И только когда Сталин, не раздеваясь (на это сил уже не оставалось), лег на диван и закрыл глаза, силы оставили его и на какое-то время (какое именно, сегодня установить невозможно) впал в забытье.
Сталин трое суток — 23,24 и 25 июня 1941 г. — пролежал пластом, никого не принимая, без еды. Есть из-за нарыва в горле он не мог. В эти дни, кто бы ни звонил, получали один и тот же ответ: «Товарищ Сталин занят и разговаривать с вами не может».
О болезни И. В. Сталина не знала даже его личная охрана. Эти несколько дней члены Политбюро ЦК ВКП(б) Сталина не видели и естественно терялись в догадках.
И. В. Сталин решил факт своей болезни сохранить в строжайшей тайне, чтобы не радовать врага и не деморализовать советский народ, который возлагал на него все свои надежды.
Едва Сталин очнулся, сознание обожгла мысль: «Война!» Теперь от него зависит многое. А может быть, и вообще все: судьба страны, миллионов соотечественников.
Так как же все происходило в последнее время? Что он сумел предвидеть, а что не сумел? Все ли было сделано? А главное — что сейчас необходимо в первую очередь сделать?
Мысли с болезненной обостренностью выхватывали из прошлого события, документы, лица.
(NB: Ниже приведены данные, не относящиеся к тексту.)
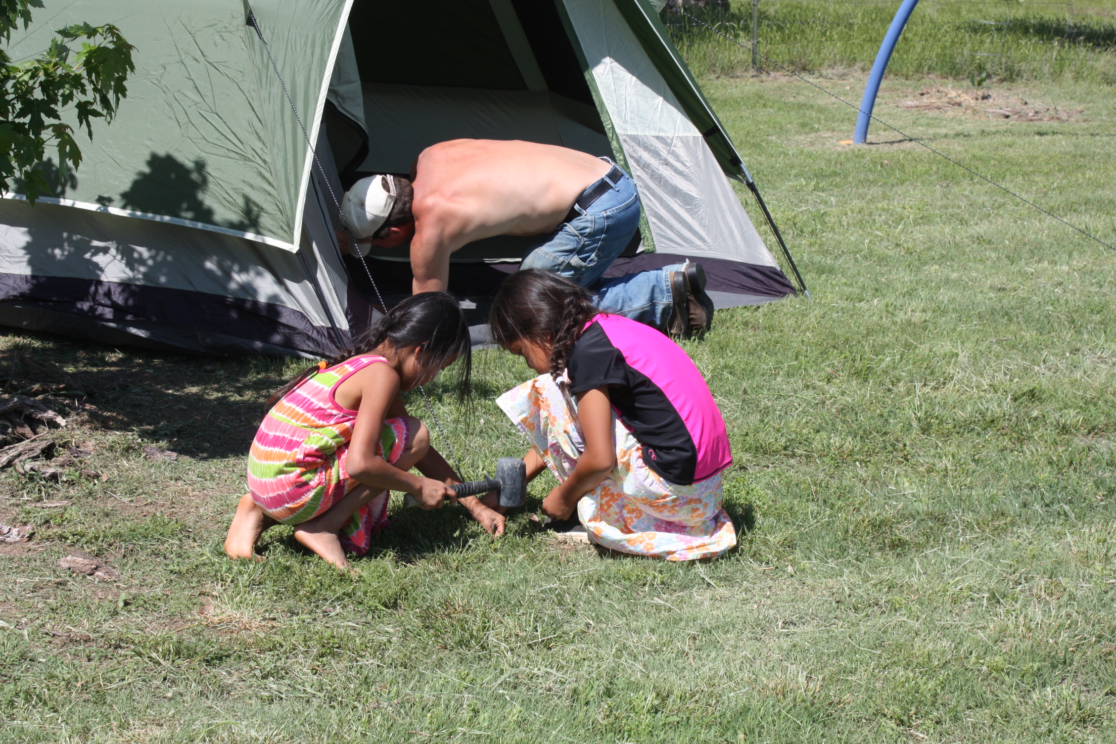 The girls helped Randy put up the tent while I gathered all the food, bug spray, and necessities.

* * *Последние месяцы 40-го и первые месяцы 41-го годов Сталин работал по восемнадцать часов в сутки. Времени для отдыха почти не оставалось. Так же напряженно работало и его ближайшее окружение.
Но 26 марта 1941 г. Сталин возвратился из Кремля на свою дачу в Волынское раньше обычного: донимал приступ разыгравшегося радикулита. Еще до своего приезда он распорядился, чтобы жарко натопили русскую печь, находившуюся в кухне. Положив на горячие кирпичи широкую доску, Сталин разделся и, взобравшись, лег на нее спиной. Боль в пояснице постепенно отступила. Одевшись, он прошел в спальню и попытался заснуть, но сон не шел. Последнее время Сталин часто страдал бессонницей — сказывалось чрезмерное умственное перенапряжение. Снотворное же, как и любые другие лекарства, он не принимал. Разве что кальцикс от кашля, который преследовал его, заядлого курильщика.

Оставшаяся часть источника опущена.